More importantly, why we are asking these questions? The answer, in terms of Data Science, is to help us extract the right features from a given dataset and to derive the various characteristics of the dataset. So, let’s try to slice and dice those questions.
Question one will help in gauging the scale of a typical dataset that would go into determining the size of the training set and extract mathematical distributions for the various access events such as log in activity, app launch activities, common factors etc. It is always a best practice to get a healthy dataset and then analyze for distributions and other statistical tests such as the normality test etc.
Question two determines the importance and variance of the location, time, context, eventually resulting in determining the weight of geolocation in definition a user’s behavior. Below is a geo-distribution for an example dataset.
Question three determines the nature of the work that the users perform and how that can then be used to detect any anomalous behavior.
Question four establishes the role of device fingerprinting in defining users’ behavior, and based on enterprise policy, we can determine how basic/rich the levels of information we can gather for the various endpoints.
Question five guides the role of network fingerprinting in discovering & profiling users’ behavior and preferences, and will also help us in determining the sources we could go to in order to collect that information.
Questions six and seven will determine the role of gathering external threat intel from sources, which compute risk based on complementing factors such as application sessions and activities related to data access. For e.g. CASBs can give us richer visibility into applications sessions and risk associated with those.
After doing the due diligence of slicing and dicing, the result is a data frame with multiple instances. This can define all the key aspects potentially required to identify the behaviors of each member of the workforce accessing resources.
Now let’s look at how to go about getting these contexts and from which potential sources.
From the Right Sources
Identifying the right sources for these contexts is key since that will determine such things as:
- The attributes associated with the contexts and how coarse and fine-grain they are.
- The frequency at which you are able to collect this data.
- Scale and performance of the collection system would depend on whether you are generating this data without having any external/3rd-party dependency or integrating with an external system (such as a partner or a syslog server, for e.g.).
The figure below captures some of the potential sources that a UBA based AM solution may get relevant data to be able to extract some of the contexts mentioned above.
Cleaning the Data:
This is by far the most crucial step in the entire data processing workflow and will decide the reliability and efficiency of the model. This is a multi-step process which requires you to become completely familiar with your data and know such things as:
- The type of variables (Continuous, Categorical).

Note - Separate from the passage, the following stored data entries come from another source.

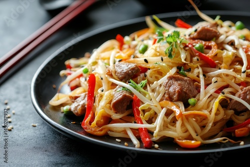This traditional Thai dish, Pad See Ew with Beef, features stir-fried noodles, egg, and Chinese broccoli, all served on a rustic plate for a flavorful culinary experience
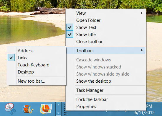 You can edit the names, you can rearrange the order by just dragging the listings up or down. You can, of course, also change the size of the taskbar and the toolbars that are on it. With the taskbar not locked, you can drag the taskbar top edge to change the height, you can drag the dimples at the end of the toolbars to resize them. Here is a view of part of my taskbar so rearranged.
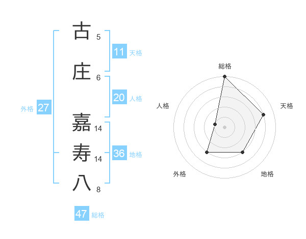 古庄 嘉寿八さんを姓名の画数から五運を鑑定
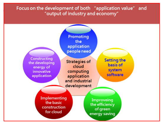At the time when global cloud computing technology and the development of its application and service were rising successively, the Executive Yuan passed “Cloud Computing Industrial Development Program” on April 29th, 2010 in order to extend the advantage of hardware manufacturing from our existing Information and Communication Industry and to obtain the early opportunity of global cloud computing market.
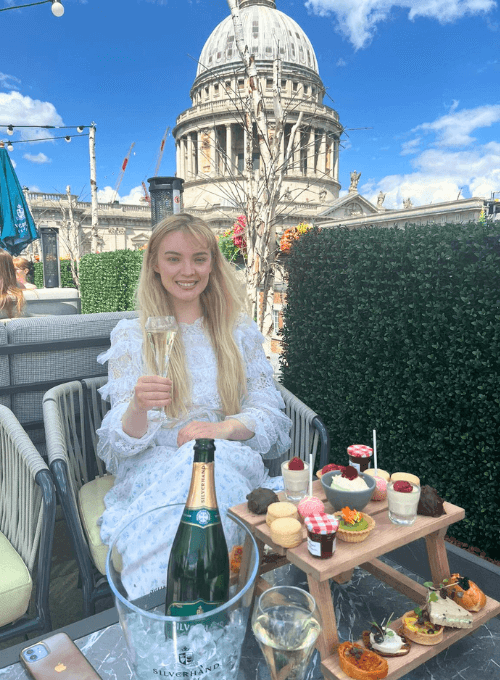 Close-up views of London’s iconic St Paul’s Cathedral, bubbles from Silverhand Estate and tasty savouries and sweets make for a laid-back Afternoon Tea experience at Sabine's Rooftop - a perfect summer day out for the girls.
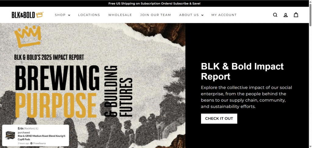 | BLK & Bold | Food & Beverage | 5% Profit Pledge & NBA Partnership |
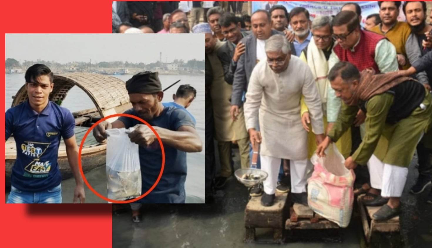 শীতলক্ষ্যা নদীর পানিতে মাছের পোনামাছ অবমুক্ত করেছেন মৎস্যজীবী দলের নেতারা। এর ঘণ্টাখানেকের মধ্যেই সব মাছ মরে পানিতে ভেসে ওঠে। পানির ঢেউয়ে কিনারে চলে আসা মরা পোনাগুলো তুলে নিয়ে যান স্থানীয়রা।
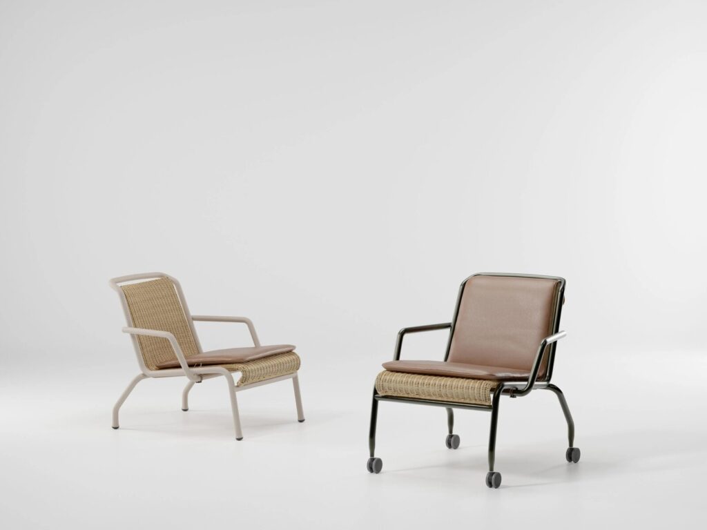 Die Eolias-Kollektion von Antonio Citterio wurde mit dem Ziel entwickelt, vielseitige Produkte zu schaffen, die sowohl im Freien als auch in Innenräumen funktionieren. Der Schwerpunkt liegt auf Nachhaltigkeit durch die Verwendung natürlicher und synthetischer Materialien wie Aluminium und Rattan.
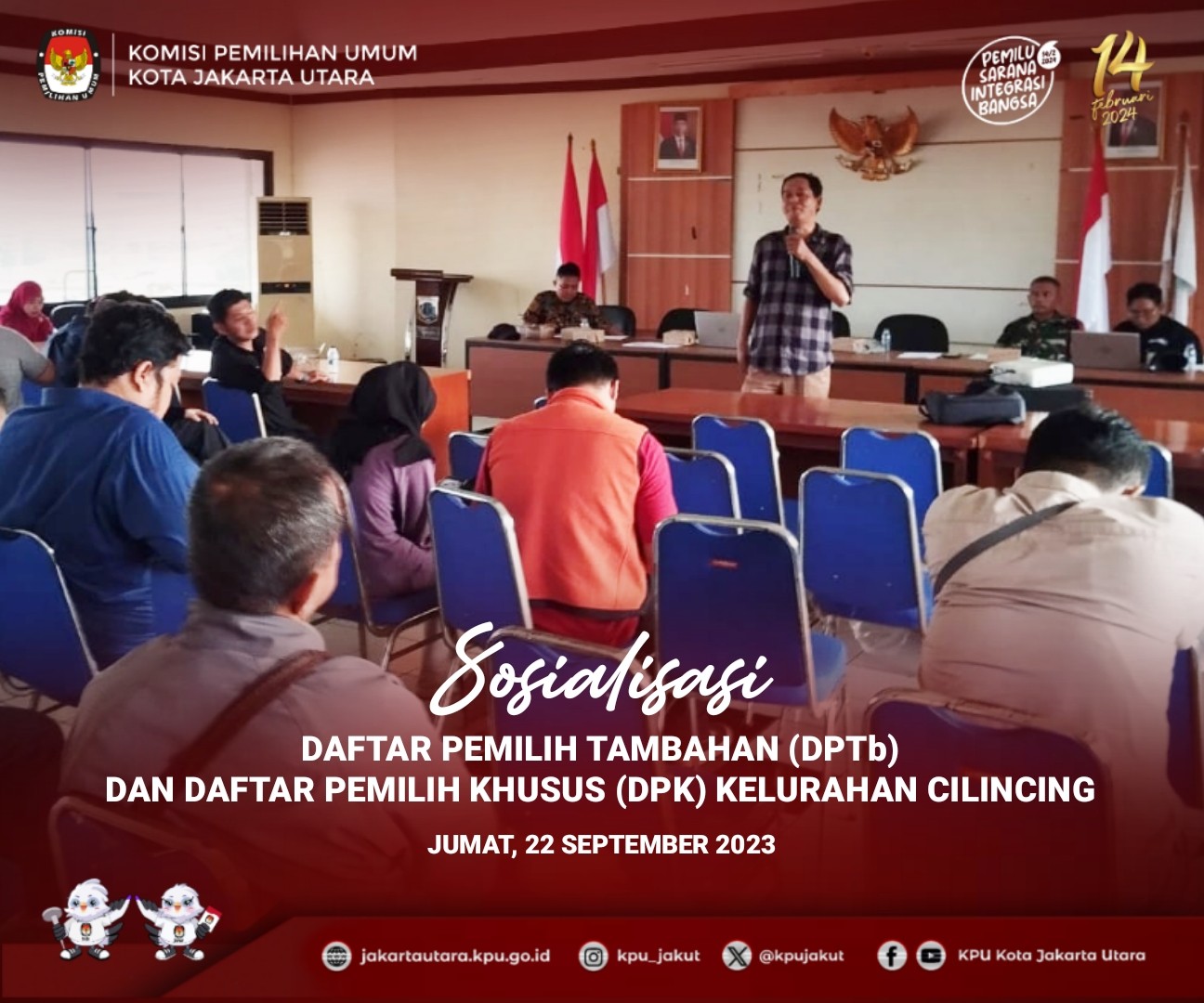 #TemanPemilih KPU Kota Jakarta Utara melakukan Sosialisasi DPTb dan DPK di Kelurahan Cilincing, pada hari Jumat, 23 September 2023 pukul 14.00 WIB s.d selesai yg bertempat di Kantor Kelurahan Cilincing.
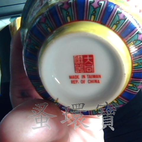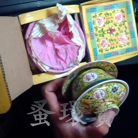大同早期萬壽無疆 福祿壽喜三件式黃五彩蓋杯四方紅印2組 如圖所示
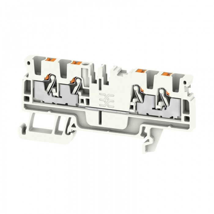 Blok zacisku przelotowego, PUSH IN, Jasnoszary, 2.5 mm2, 24 A, 800 V, liczba przyłączeń: 4 Blok zaciskowy służący do podłączenia lub łączenia przewodników ze stale zabezpieczonym kontaktem. Hartowana stal wytrzyma przeciążenia, miedź powlekana cyną zapewnia najlepsze przewodnictwo.

Check out this article for more information.
- If Categorical, then you would have to encode it with one of the many techniques out there. This is a very critical step in data processing and careful considerations must be given to the various pros and cons that accompany the various encoding techniques. Check out this article to whet your appetite on this topic.
Below is an illustration of a subset of data that Idaptive collects, which requires encoding.
As you can see, what started as a seemingly simple looking high-level architecture, very quickly became a bit more complex as we kept adding more dimensions to the problem at hand. Now we can start talking about reducing all the complexities introduced by all the dimensions. In Data Science parlance, that’s called dimensionality reduction and is one of the most artistic and scientific steps, all at once. We’ll look into that in the next blog of this series, in which we’ll have fun with feature selection, dimensionality reduction leveraging such techniques as Principal Component Analysis (PCA).